Your answer must be an exact copy of the records below, minus the pictures.

• Task input
»»

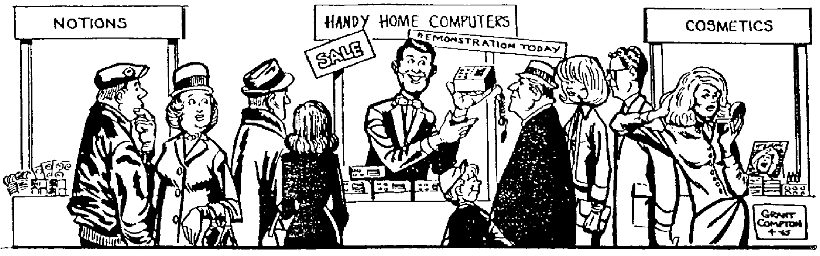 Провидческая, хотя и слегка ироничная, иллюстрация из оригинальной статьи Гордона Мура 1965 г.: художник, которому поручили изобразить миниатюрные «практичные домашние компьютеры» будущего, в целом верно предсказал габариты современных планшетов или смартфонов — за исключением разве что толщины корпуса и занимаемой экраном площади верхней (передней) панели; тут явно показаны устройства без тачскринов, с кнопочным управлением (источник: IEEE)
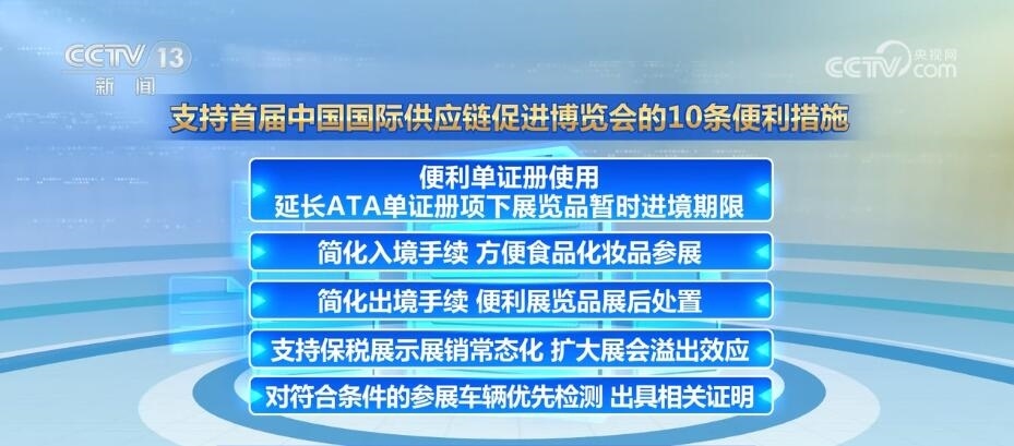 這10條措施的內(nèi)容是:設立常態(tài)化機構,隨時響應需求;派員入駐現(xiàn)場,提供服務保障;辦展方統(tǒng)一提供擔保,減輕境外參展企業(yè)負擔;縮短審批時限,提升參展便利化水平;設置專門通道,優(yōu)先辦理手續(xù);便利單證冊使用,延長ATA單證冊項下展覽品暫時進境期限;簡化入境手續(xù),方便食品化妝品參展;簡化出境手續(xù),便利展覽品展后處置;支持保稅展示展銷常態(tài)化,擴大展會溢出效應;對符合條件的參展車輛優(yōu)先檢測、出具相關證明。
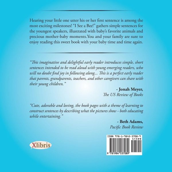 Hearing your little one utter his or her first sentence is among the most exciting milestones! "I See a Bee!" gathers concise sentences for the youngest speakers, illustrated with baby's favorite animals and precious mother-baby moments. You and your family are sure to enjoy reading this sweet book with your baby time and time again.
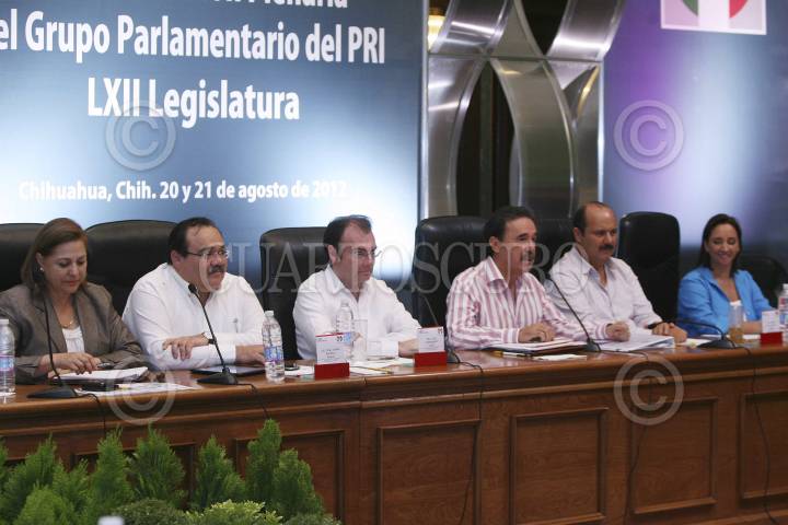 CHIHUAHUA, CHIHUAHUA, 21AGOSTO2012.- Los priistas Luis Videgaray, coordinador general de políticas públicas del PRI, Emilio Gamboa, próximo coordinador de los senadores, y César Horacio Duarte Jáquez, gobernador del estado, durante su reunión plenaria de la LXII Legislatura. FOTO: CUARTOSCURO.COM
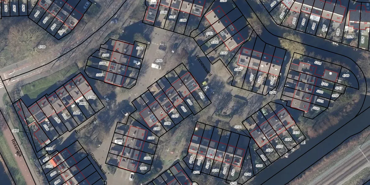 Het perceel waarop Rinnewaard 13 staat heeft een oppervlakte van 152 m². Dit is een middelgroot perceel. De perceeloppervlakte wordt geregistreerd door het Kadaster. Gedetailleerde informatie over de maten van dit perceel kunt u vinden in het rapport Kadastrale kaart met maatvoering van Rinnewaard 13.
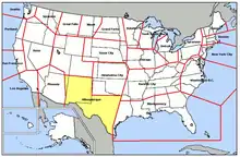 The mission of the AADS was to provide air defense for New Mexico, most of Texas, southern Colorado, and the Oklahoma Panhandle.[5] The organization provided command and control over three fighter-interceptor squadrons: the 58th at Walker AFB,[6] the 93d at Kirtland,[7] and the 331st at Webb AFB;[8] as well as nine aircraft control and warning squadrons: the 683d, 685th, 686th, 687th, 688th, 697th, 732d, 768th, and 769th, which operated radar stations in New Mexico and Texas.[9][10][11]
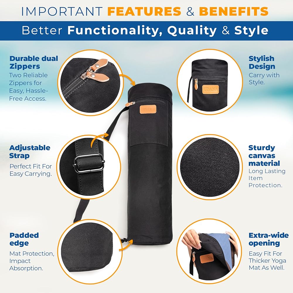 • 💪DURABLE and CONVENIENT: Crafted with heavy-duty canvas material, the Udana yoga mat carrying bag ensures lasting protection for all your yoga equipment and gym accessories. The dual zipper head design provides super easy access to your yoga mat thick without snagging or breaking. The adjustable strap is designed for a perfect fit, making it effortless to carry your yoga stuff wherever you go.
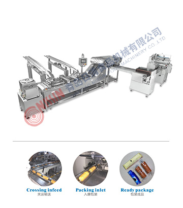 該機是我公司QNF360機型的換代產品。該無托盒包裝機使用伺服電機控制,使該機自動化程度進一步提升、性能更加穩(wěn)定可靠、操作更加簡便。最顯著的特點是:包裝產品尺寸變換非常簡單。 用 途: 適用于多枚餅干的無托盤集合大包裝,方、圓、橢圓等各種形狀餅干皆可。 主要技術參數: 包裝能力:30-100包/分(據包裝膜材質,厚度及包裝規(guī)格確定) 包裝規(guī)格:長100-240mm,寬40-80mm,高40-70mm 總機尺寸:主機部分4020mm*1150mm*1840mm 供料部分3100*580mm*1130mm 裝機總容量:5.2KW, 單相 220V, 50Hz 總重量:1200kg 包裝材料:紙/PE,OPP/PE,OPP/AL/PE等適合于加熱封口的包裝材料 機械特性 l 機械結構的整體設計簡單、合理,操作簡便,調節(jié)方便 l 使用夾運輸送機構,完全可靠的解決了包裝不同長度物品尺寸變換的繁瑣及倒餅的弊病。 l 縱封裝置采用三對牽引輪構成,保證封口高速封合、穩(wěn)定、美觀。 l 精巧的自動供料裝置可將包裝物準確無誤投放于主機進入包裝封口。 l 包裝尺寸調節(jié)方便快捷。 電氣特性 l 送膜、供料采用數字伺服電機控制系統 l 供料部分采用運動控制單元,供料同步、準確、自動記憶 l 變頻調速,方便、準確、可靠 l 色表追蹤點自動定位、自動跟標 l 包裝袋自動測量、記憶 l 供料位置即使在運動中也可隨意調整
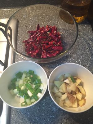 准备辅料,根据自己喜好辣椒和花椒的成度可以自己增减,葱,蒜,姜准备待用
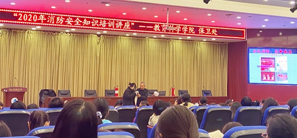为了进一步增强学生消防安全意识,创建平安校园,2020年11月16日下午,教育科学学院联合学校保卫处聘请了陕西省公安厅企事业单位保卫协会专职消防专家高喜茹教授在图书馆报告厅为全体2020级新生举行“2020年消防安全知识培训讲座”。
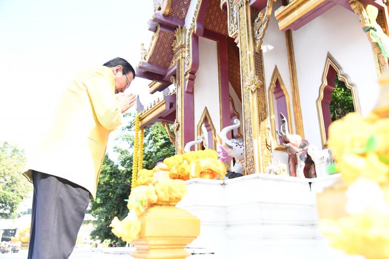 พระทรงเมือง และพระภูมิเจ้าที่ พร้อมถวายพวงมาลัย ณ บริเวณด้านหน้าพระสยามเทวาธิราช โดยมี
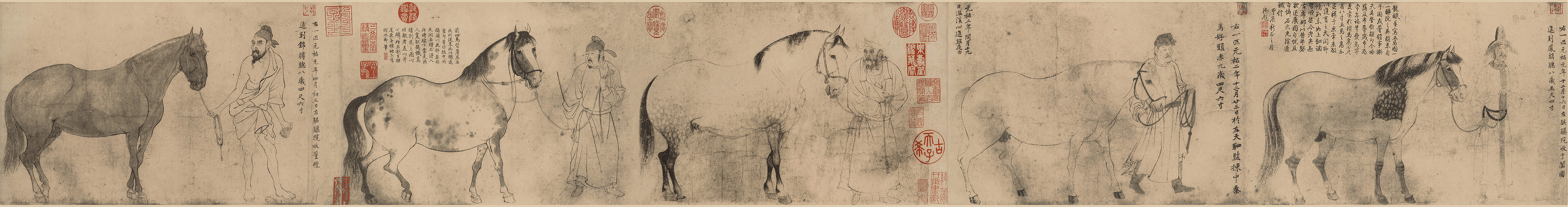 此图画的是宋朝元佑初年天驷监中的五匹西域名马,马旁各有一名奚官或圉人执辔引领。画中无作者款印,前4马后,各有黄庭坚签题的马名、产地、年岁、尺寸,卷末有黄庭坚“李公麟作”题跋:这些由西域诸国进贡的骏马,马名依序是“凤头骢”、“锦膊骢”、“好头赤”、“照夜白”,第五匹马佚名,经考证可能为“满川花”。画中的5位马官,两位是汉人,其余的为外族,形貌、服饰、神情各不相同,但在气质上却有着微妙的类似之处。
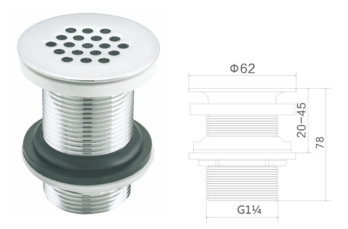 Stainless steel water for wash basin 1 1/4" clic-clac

««

• Solution to the exercise
 Провидческая, хотя и слегка ироничная, иллюстрация из оригинальной статьи Гордона Мура 1965 г.: художник, которому поручили изобразить миниатюрные «практичные домашние компьютеры» будущего, в целом верно предсказал габариты современных планшетов или смартфонов — за исключением разве что толщины корпуса и занимаемой экраном площади верхней (передней) панели; тут явно показаны устройства без тачскринов, с кнопочным управлением (источник: IEEE)
 這10條措施的內(nèi)容是:設立常態(tài)化機構,隨時響應需求;派員入駐現(xiàn)場,提供服務保障;辦展方統(tǒng)一提供擔保,減輕境外參展企業(yè)負擔;縮短審批時限,提升參展便利化水平;設置專門通道,優(yōu)先辦理手續(xù);便利單證冊使用,延長ATA單證冊項下展覽品暫時進境期限;簡化入境手續(xù),方便食品化妝品參展;簡化出境手續(xù),便利展覽品展后處置;支持保稅展示展銷常態(tài)化,擴大展會溢出效應;對符合條件的參展車輛優(yōu)先檢測、出具相關證明。
 Hearing your little one utter his or her first sentence is among the most exciting milestones! "I See a Bee!" gathers concise sentences for the youngest speakers, illustrated with baby's favorite animals and precious mother-baby moments. You and your family are sure to enjoy reading this sweet book with your baby time and time again.
 CHIHUAHUA, CHIHUAHUA, 21AGOSTO2012.- Los priistas Luis Videgaray, coordinador general de políticas públicas del PRI, Emilio Gamboa, próximo coordinador de los senadores, y César Horacio Duarte Jáquez, gobernador del estado, durante su reunión plenaria de la LXII Legislatura. FOTO: CUARTOSCURO.COM
 Het perceel waarop Rinnewaard 13 staat heeft een oppervlakte van 152 m². Dit is een middelgroot perceel. De perceeloppervlakte wordt geregistreerd door het Kadaster. Gedetailleerde informatie over de maten van dit perceel kunt u vinden in het rapport Kadastrale kaart met maatvoering van Rinnewaard 13.
 The mission of the AADS was to provide air defense for New Mexico, most of Texas, southern Colorado, and the Oklahoma Panhandle.[5] The organization provided command and control over three fighter-interceptor squadrons: the 58th at Walker AFB,[6] the 93d at Kirtland,[7] and the 331st at Webb AFB;[8] as well as nine aircraft control and warning squadrons: the 683d, 685th, 686th, 687th, 688th, 697th, 732d, 768th, and 769th, which operated radar stations in New Mexico and Texas.[9][10][11]
 • 💪DURABLE and CONVENIENT: Crafted with heavy-duty canvas material, the Udana yoga mat carrying bag ensures lasting protection for all your yoga equipment and gym accessories. The dual zipper head design provides super easy access to your yoga mat thick without snagging or breaking. The adjustable strap is designed for a perfect fit, making it effortless to carry your yoga stuff wherever you go.
 該機是我公司QNF360機型的換代產品。該無托盒包裝機使用伺服電機控制,使該機自動化程度進一步提升、性能更加穩(wěn)定可靠、操作更加簡便。最顯著的特點是:包裝產品尺寸變換非常簡單。 用 途: 適用于多枚餅干的無托盤集合大包裝,方、圓、橢圓等各種形狀餅干皆可。 主要技術參數: 包裝能力:30-100包/分(據包裝膜材質,厚度及包裝規(guī)格確定) 包裝規(guī)格:長100-240mm,寬40-80mm,高40-70mm 總機尺寸:主機部分4020mm*1150mm*1840mm 供料部分3100*580mm*1130mm 裝機總容量:5.2KW, 單相 220V, 50Hz 總重量:1200kg 包裝材料:紙/PE,OPP/PE,OPP/AL/PE等適合于加熱封口的包裝材料 機械特性 l 機械結構的整體設計簡單、合理,操作簡便,調節(jié)方便 l 使用夾運輸送機構,完全可靠的解決了包裝不同長度物品尺寸變換的繁瑣及倒餅的弊病。 l 縱封裝置采用三對牽引輪構成,保證封口高速封合、穩(wěn)定、美觀。 l 精巧的自動供料裝置可將包裝物準確無誤投放于主機進入包裝封口。 l 包裝尺寸調節(jié)方便快捷。 電氣特性 l 送膜、供料采用數字伺服電機控制系統 l 供料部分采用運動控制單元,供料同步、準確、自動記憶 l 變頻調速,方便、準確、可靠 l 色表追蹤點自動定位、自動跟標 l 包裝袋自動測量、記憶 l 供料位置即使在運動中也可隨意調整
 准备辅料,根据自己喜好辣椒和花椒的成度可以自己增减,葱,蒜,姜准备待用
为了进一步增强学生消防安全意识,创建平安校园,2020年11月16日下午,教育科学学院联合学校保卫处聘请了陕西省公安厅企事业单位保卫协会专职消防专家高喜茹教授在图书馆报告厅为全体2020级新生举行“2020年消防安全知识培训讲座”。
 พระทรงเมือง และพระภูมิเจ้าที่ พร้อมถวายพวงมาลัย ณ บริเวณด้านหน้าพระสยามเทวาธิราช โดยมี
 此图画的是宋朝元佑初年天驷监中的五匹西域名马,马旁各有一名奚官或圉人执辔引领。画中无作者款印,前4马后,各有黄庭坚签题的马名、产地、年岁、尺寸,卷末有黄庭坚“李公麟作”题跋:这些由西域诸国进贡的骏马,马名依序是“凤头骢”、“锦膊骢”、“好头赤”、“照夜白”,第五匹马佚名,经考证可能为“满川花”。画中的5位马官,两位是汉人,其余的为外族,形貌、服饰、神情各不相同,但在气质上却有着微妙的类似之处。
 Stainless steel water for wash basin 1 1/4" clic-clac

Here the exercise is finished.